I read "Moon Over Soho" by  Ben Aaronovitch for the "Magical Realism" square.

 

Please note that some things mentioned below may spoil the events in book #1. 

 

"Moon Over Soho" is the second book in the Peter Grant series. Due to a lot of us participating in Halloween bingo are reading this book, I am just going to keep this to a high level review.


First, I really liked all of the characters (Peter, Leslie, Nightingale, Peter's mom and dad, the jazz band guys).

 

Peter though I found to be way more than a little naive in this one. And I don't know, I found myself irritated with him for just not realizing something that I picked up on at a good 50 percent of the book.

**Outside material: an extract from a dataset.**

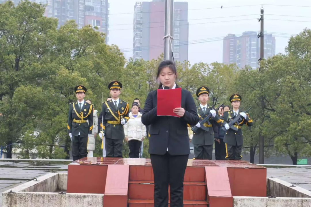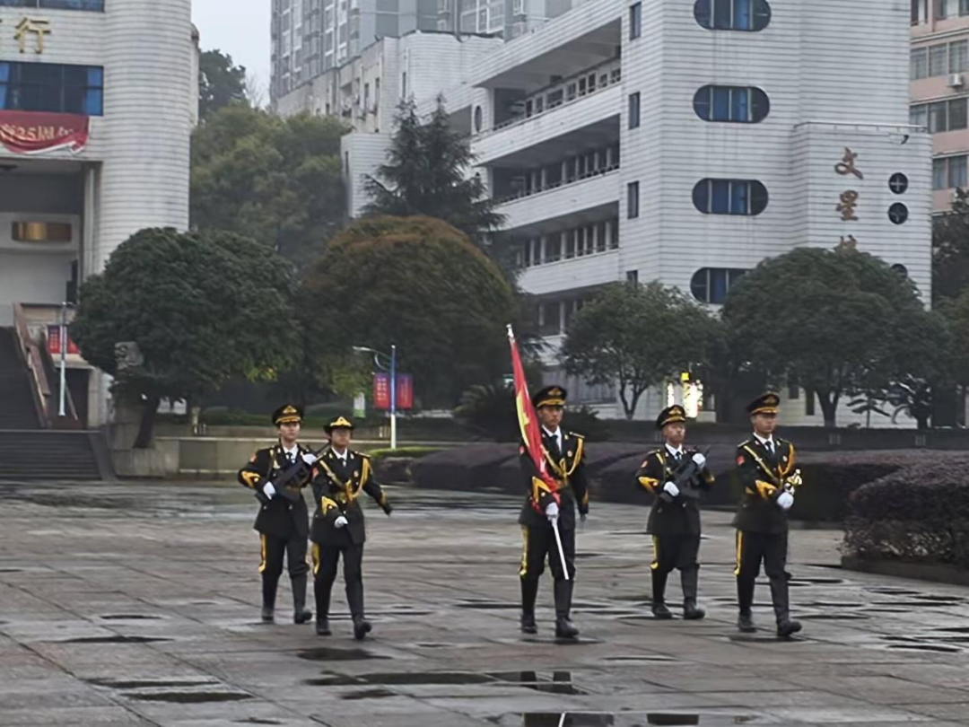 晨光初破晓,国旗护卫队已整装待发,他们以挺拔的军姿、坚定的眼神,守护着国旗的尊严与荣耀。随着“敬旗”口令的响起,护旗方阵以铿锵有力的正步,划破清晨的薄雾,每一步都凝聚着青年学子的热血与忠诚。当《义勇军进行曲》激昂的旋律响起,五星红旗在全体师生的注视下冉冉升起,那一刻,家国情怀在每一个人的心中激荡,凝聚成一股不可阻挡的力量。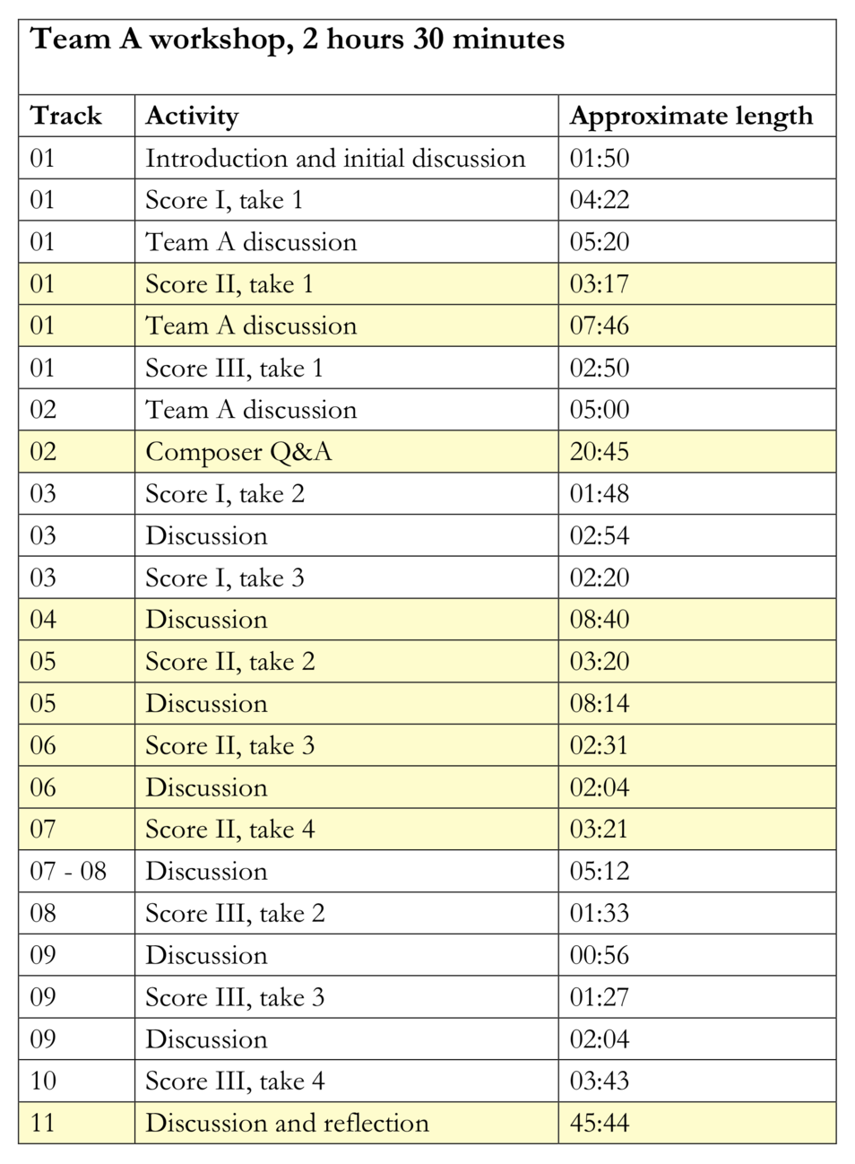 In the Team A workshop, which lasted approximately two and a half hours, the three original scores for Pieces for Four Traditional Musicians were explored in rotation through performance ‘takes’ interspersed with discussion. In total, Team A performed four takes of Scores I and II, and three takes of Score III.

Don't want to spoil for others, but let's just say I was the least surprised person ever when a reveal popped up. 

 

I wanted more of Leslie in this one. After the events in book #1, Leslie is laying low and trying to put her life and her poor face back together. I don't get it, I thought that Peter was a bit thoughtless towards her character. Now that she's not attractive anymore it seems he lost interest. Which doesn't speak well of him. I have to think more on that.


We do get some nice asides to Peter's family and his mother and father I found to be very cute together. I also liked Peter's commentary on black female hair (it's all true). 

 

The writing was really good and just like in book #1 I laughed. One particular scene with Peter telling Nightingale that calling someone a black wizard was offensive towards black people was funny. Poor Nightingale. Can we please get a side story about his days before he joined the police?

 

The flow dragged for me in this though. Probably because as I said, I realized where the story was going after a lot of clues where laid out. I just got fed up with Peter for not being that smart. Also his complaining about magical training is getting old. Either suck it up, or don't do it anymore.


The ending left us with a little surprise and I wonder how that will play out in future books.